FIG. 1 illustrates a front elevational view of a commercial appliance 100 having a door 106 in a closed position. FIG. 2 illustrates a front perspective view of the appliance 100 with the door 106 in an open position. The commercial appliance 100 may be a laundry appliance 100 such as a washing machine or dryer, configured to treat laundry, such as by washing and/or drying clothes and other textiles and items. The laundry appliance 100 may more specifically be a front-loading washing machine or dryer. While the appliance 100 may be referred to as a laundry appliance throughout, the appliance 100 may include other appliances such as dishwashers, ice makers, freezers, refrigerators, among others, that include doors or other closable openings.

The appliance 100 may include a cabinet or housing 102 having a front panel 104. The housing 102 may house components typically found in a laundry appliance such as a laundry drum 109 (visible in FIG. 2) configured to receive laundry items, as well as a chassis, frame, motors, controls, fluid lines, sensors, vents, etc. The laundry drum 109 may be configured to receive laundry and rotate about an axis. In this example, the axis may be relatively horizontal. An access opening 108 may be defined in the front panel 104 to allow access to the drum 109. The access opening 108 may be selectively accessible via the door 106. The front panel 104 may be referred to as a door frame. The door 106 is secured to the front panel 104 and is configured to transition between an open position (e.g., FIG. 2) and a closed position (e.g., FIG. 1).

The door 106 may be rotatably attached to the housing 102, or more specifically the front panel 104, about the access opening 108 via at least one hinge assembly 112. The door 106 may rotate or pivot about the hinge assembly 112 between the open and closed positions. A latch 116 may be secured to the front panel 104 and may be arranged at or near the access opening 108 to latch or lock the door 106 in the closed position. The latch 116 may be arranged on an opposite side of the opening 108 relive to the hinge assembly 112.

The door 106 may define a window 110 or a clear substrate to allow users to see inside the drum 109. The window 110 may be a bowl-like shape, or semi-circular shape, or the window 110 may be flat. Depending on the type of appliance 100, the window 110 may be formed of plastic, or in the example of the appliance being a dryer, the window may be glass.
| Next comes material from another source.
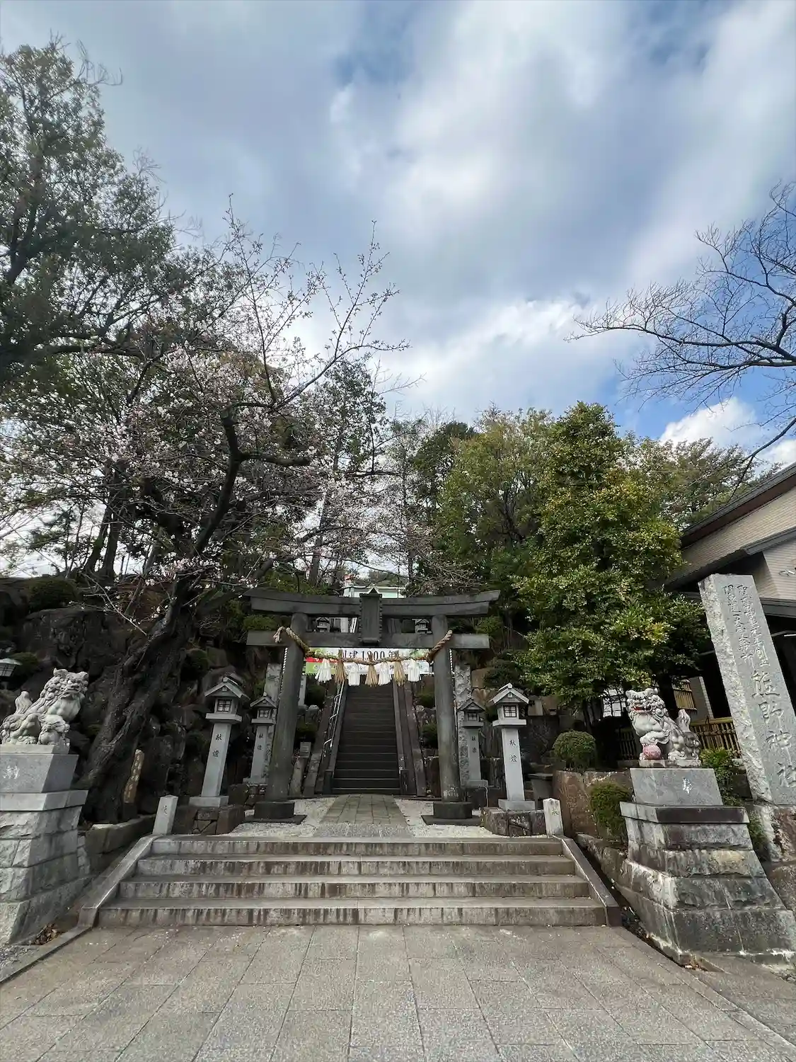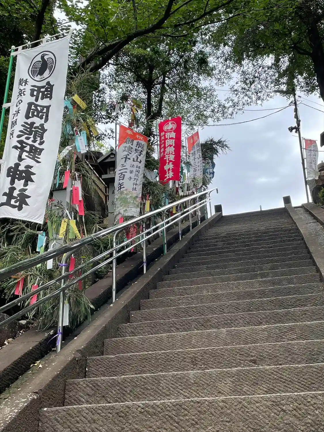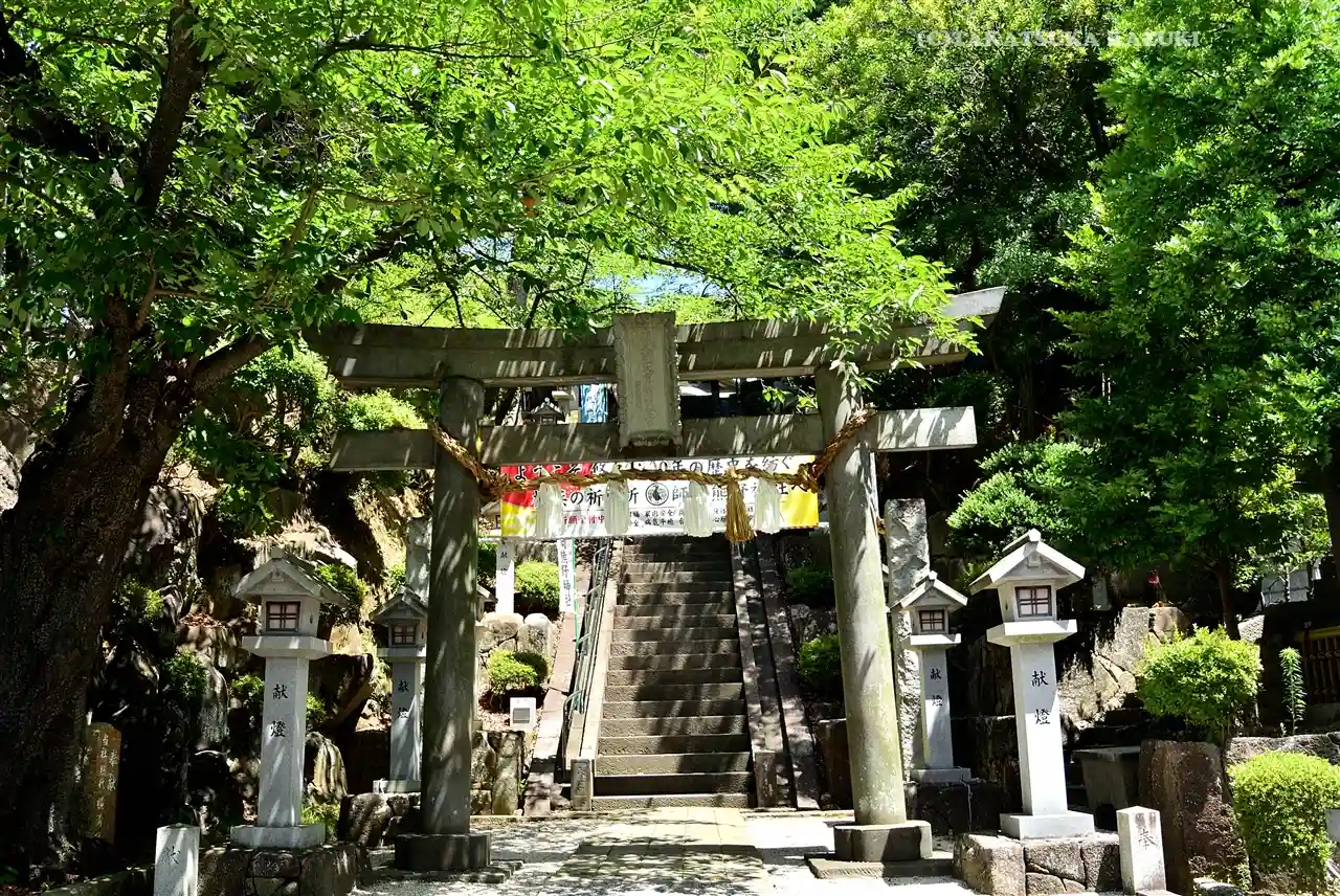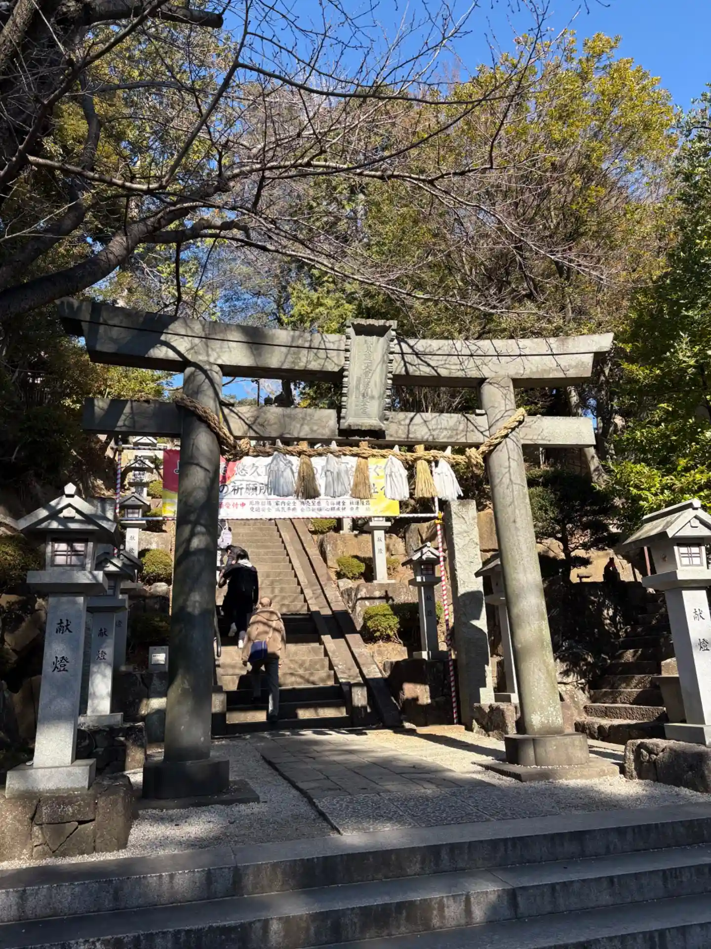 鳥居の向こうに急な階段が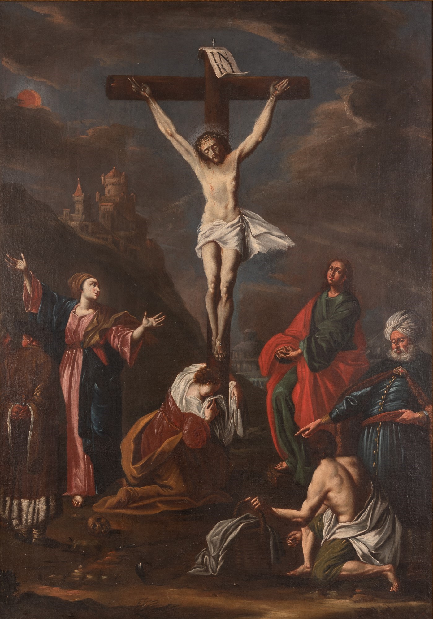 Olio su tela cm 125x88; con cornice cm 143x105 Olio su tela cm 125x88; con cornice cm 143x105 XVIII secolo Ai piedi di Gesù, in ginocchio e affranta, Maria Vergine, a sinistra con le braccia aperte Maria Maddalena, a destra San Giovanni mentre ha una visione. Completano il quadro una figura di giovane a torso nudo e girato che ha una mano su una cesta coperta da un telo e con l'altra regge una corda che esce dalla medesima; alla sua destra, in piedi, una figura di vecchio con turbante che indica a terra. A sinistra del quadro, girati, due dignitari di spalle che parlano, uno di essi regge dietro la schiena un bastone dal pomo dorato. Dietro la croce si intravede un tempio, mentre sul lato della montagna una città turrita.

The door 106 includes a frame 115 surrounding the window 110. The door 106 may include various seals and gaskets, as well as other structural portions such as collars, flanges, plates, harnesses, screws, etc.

The front panel 104 may include a recessed region 123 that surrounds the access opening 108. A gasket or seal 118 (e.g., a rubber or soft plastic seal) may be arranged around the inside of the recessed area 123 of the front panel 104 to create a hermetical seal against the door 106 when the door 106 is in a closed position. Stated in other terms, the seal 118 is configured to engage the door 106 to prevent fluid flow or transport between the door 106 and the front panel 104 proximate the recessed area 123 when the door is in the closed position. Alternatively, the seal 118 could be secured to the door 106 and could be configured to engage the front panel 104 to prevent fluid flow or transport between the door 106 and the front panel 104. In any configuration, the seal 118 is disposed between the door 106 and the front panel 104. The hinge assembly 112 may be attached to front panel 104 along the recessed region 123 or partially along the recess region 123. The recessed region 123 may more specifically form the door frame as opposed to the front panel 104 as a whole.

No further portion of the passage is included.